* [The task]:
Retype, exactly as written, every line from the one containing "Блузка женская из" through the last line of the records below, both included; skip the pictures.

(Items from a dataset)
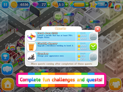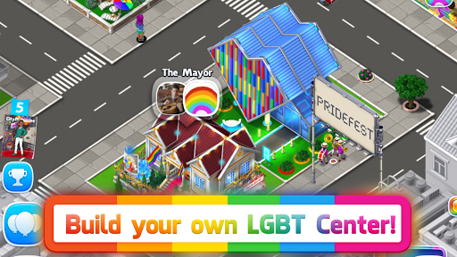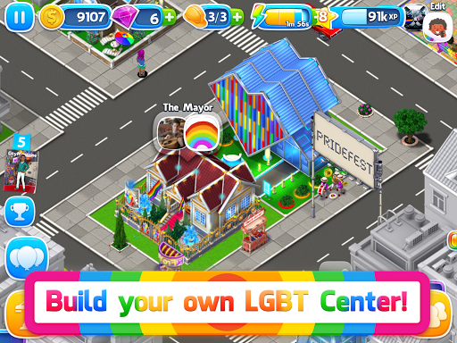 • It’s YOUR City! Upgrade your LGBT Center and turn drab gray buildings into thriving businesses and residences, bringing more income to your city, and unlocking more of the city to explore. The residents of these buildings get bored over time, so it’s up to you to run parades by them to keep the party going!
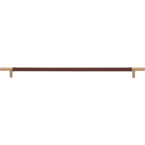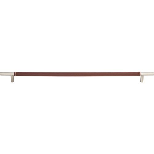 Atlas Homewares Zanzibar Brown Appliance Pull features a classic round bar design wrapped in faux brown leather for a masculine, modern look. Made of Zinc in choice of Polished Chrome or Warm Brass. 17-inch boring.
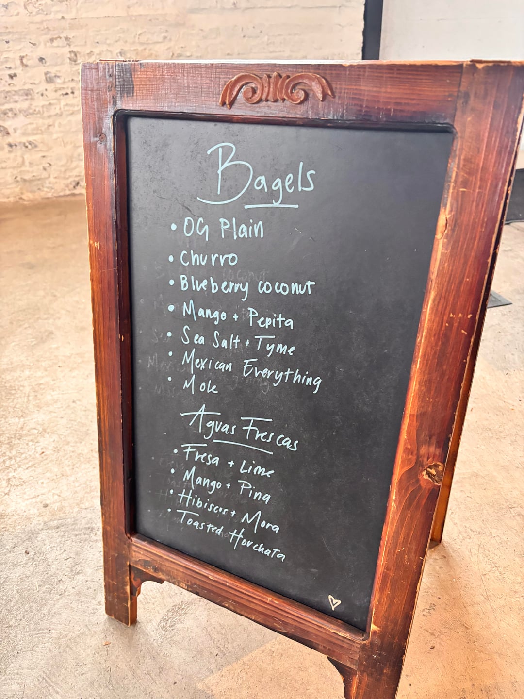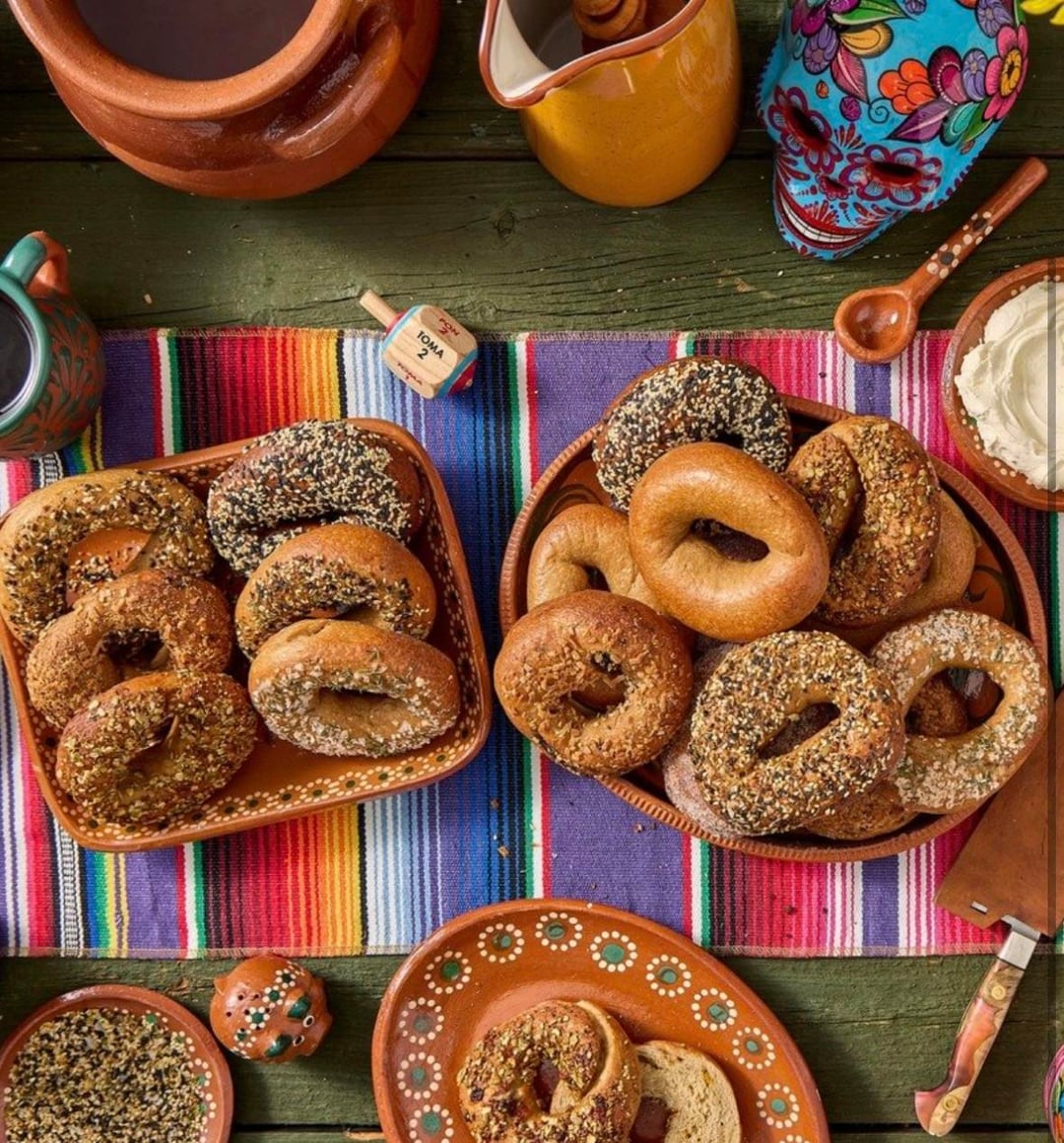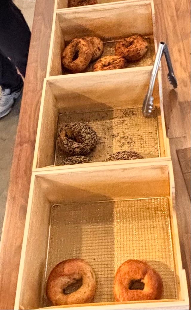 Tried everything except molé (sesame allergy); interesting flavor combinations that work. They don’t toast them, but comes with cream cheese. $5 a piece (includes cheese on side).
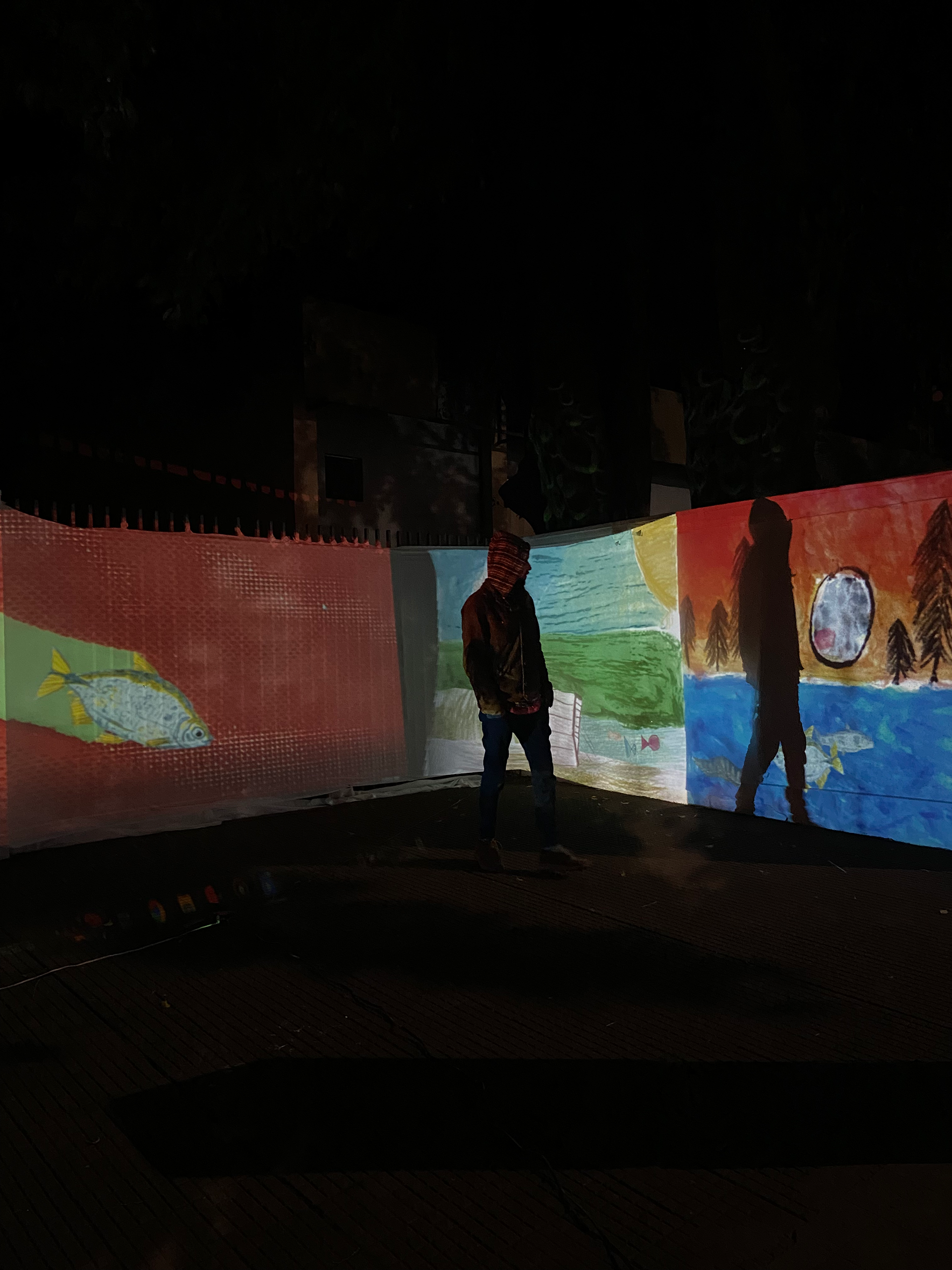 Projeção mapeada realizada em 2021, em parceria com o artista convidado João Penna, na ocasião de abertura da intervenção artística no jardim da Biblioteca Municipal Tristão de Athayde, na cidade de Ourinhos (SP).
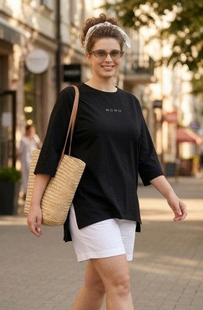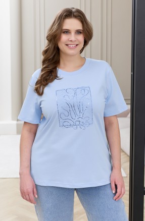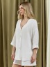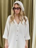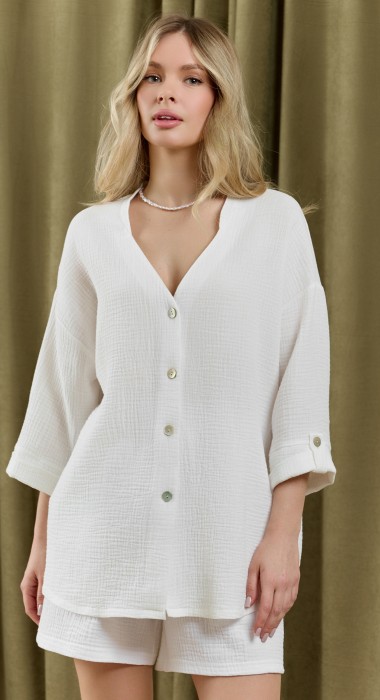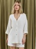 Блузка женская из фактурного гладкокрашеного полотна, с втачными рукавами длиной 3/4, с центральной бортовой застежкой на 4 обметанные петли и 4 пуговицы, с горловиной фигурной формы и небольшим отделочным воротником. Нижние срезы рукавов и низ изделия обработаны подгибкой. Рукава - с хлястиками, с петлей и пуговицей, позволяющими регулировать длину рукавов на фигуре и создающими красивую драпировку.
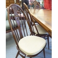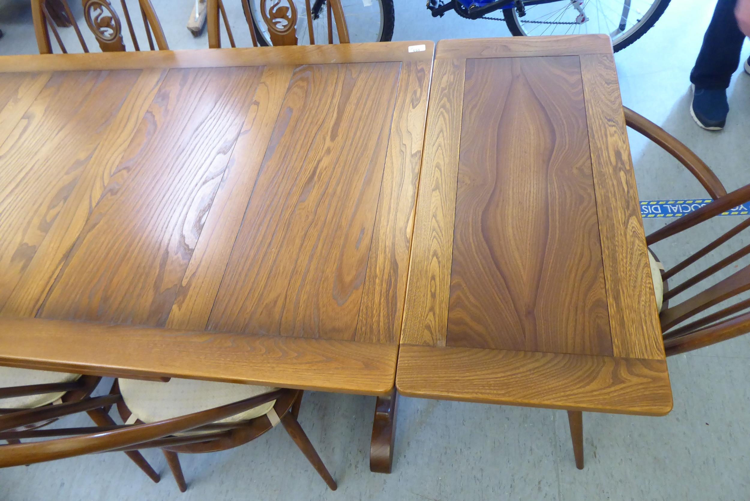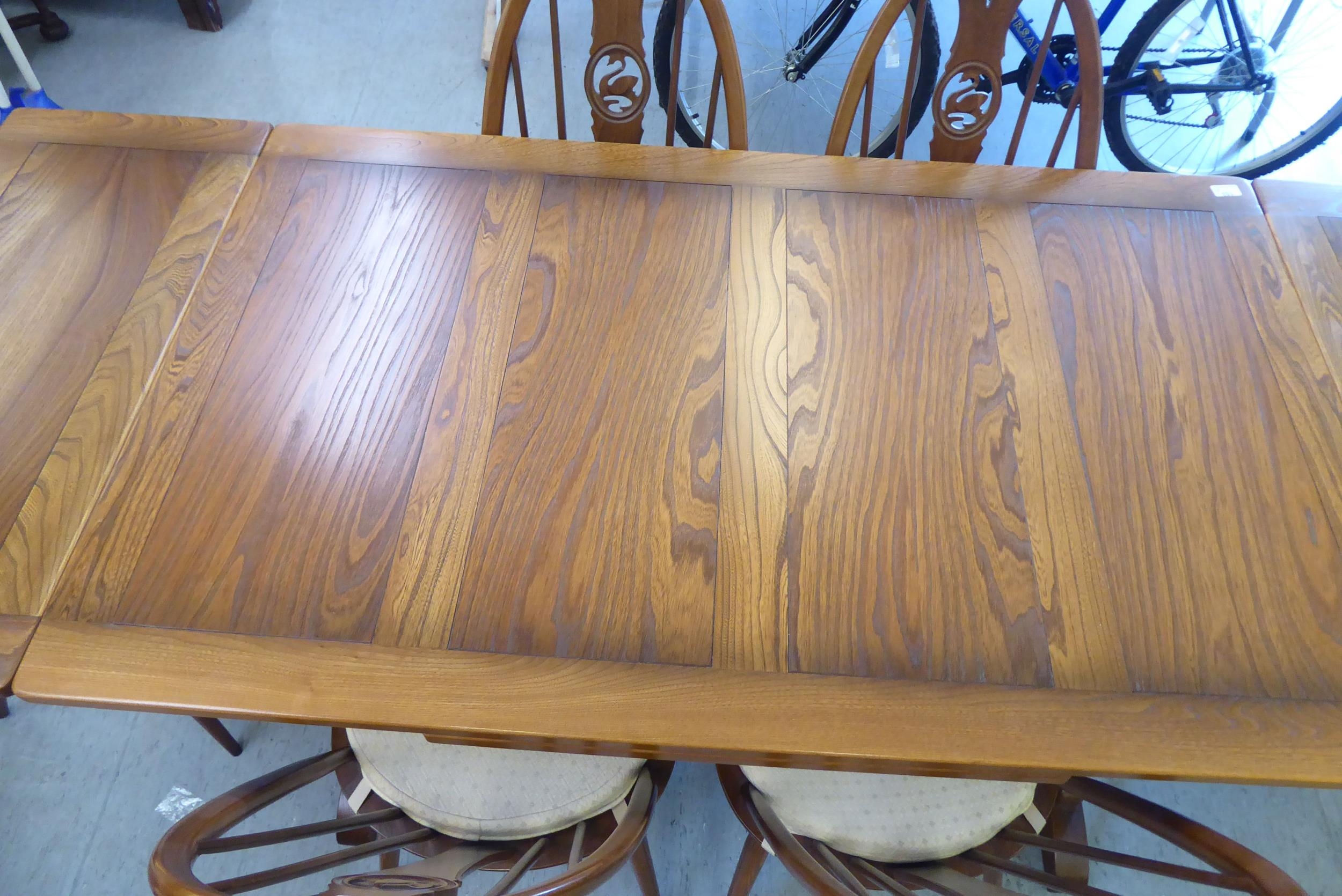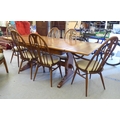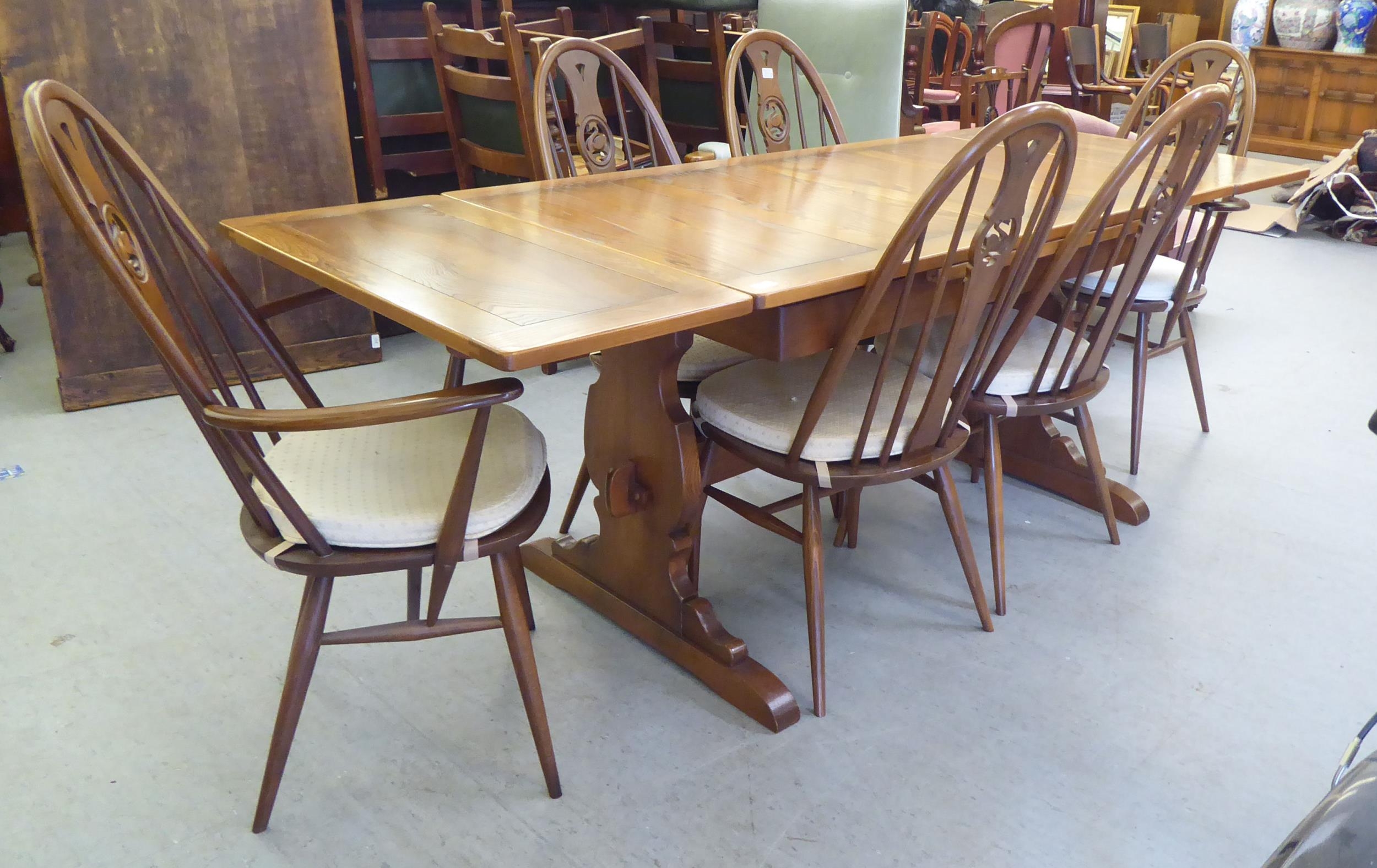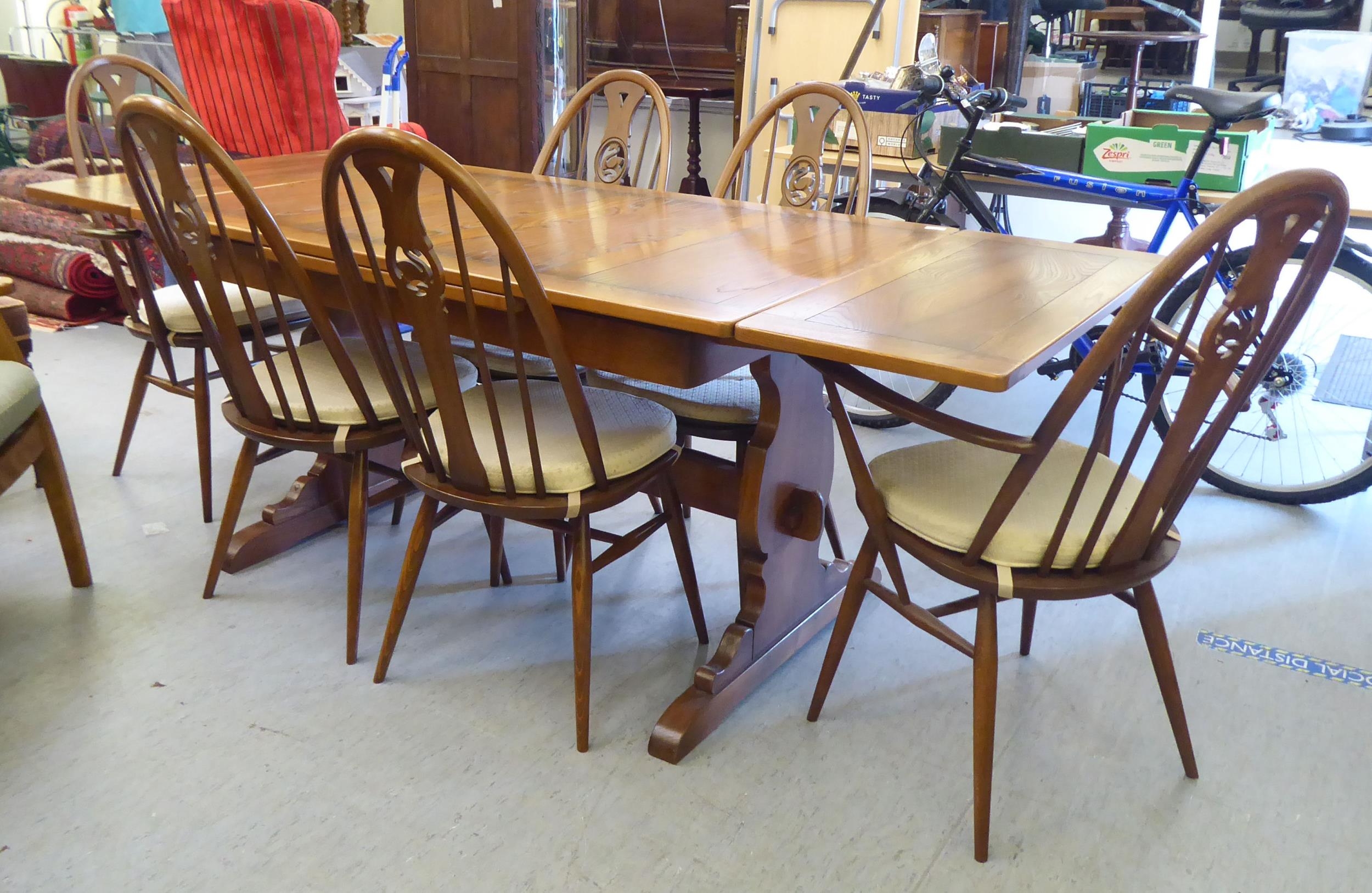 An Ercol Golden Dawn beech and elm draw leaf dining table with a panelled top, raised on shaped trestle ends and platform feet 30"h 54"L extending to 84"L; and a set of six Ercol beech and elm framed high hoop and spindled back chairs with pierced swan splats and solid seats, raised on elliptical legs and stretchers comprising four standard/two open arm

* [Output below]:
 Блузка женская из фактурного гладкокрашеного полотна, с втачными рукавами длиной 3/4, с центральной бортовой застежкой на 4 обметанные петли и 4 пуговицы, с горловиной фигурной формы и небольшим отделочным воротником. Нижние срезы рукавов и низ изделия обработаны подгибкой. Рукава - с хлястиками, с петлей и пуговицей, позволяющими регулировать длину рукавов на фигуре и создающими красивую драпировку.
 An Ercol Golden Dawn beech and elm draw leaf dining table with a panelled top, raised on shaped trestle ends and platform feet 30"h 54"L extending to 84"L; and a set of six Ercol beech and elm framed high hoop and spindled back chairs with pierced swan splats and solid seats, raised on elliptical legs and stretchers comprising four standard/two open arm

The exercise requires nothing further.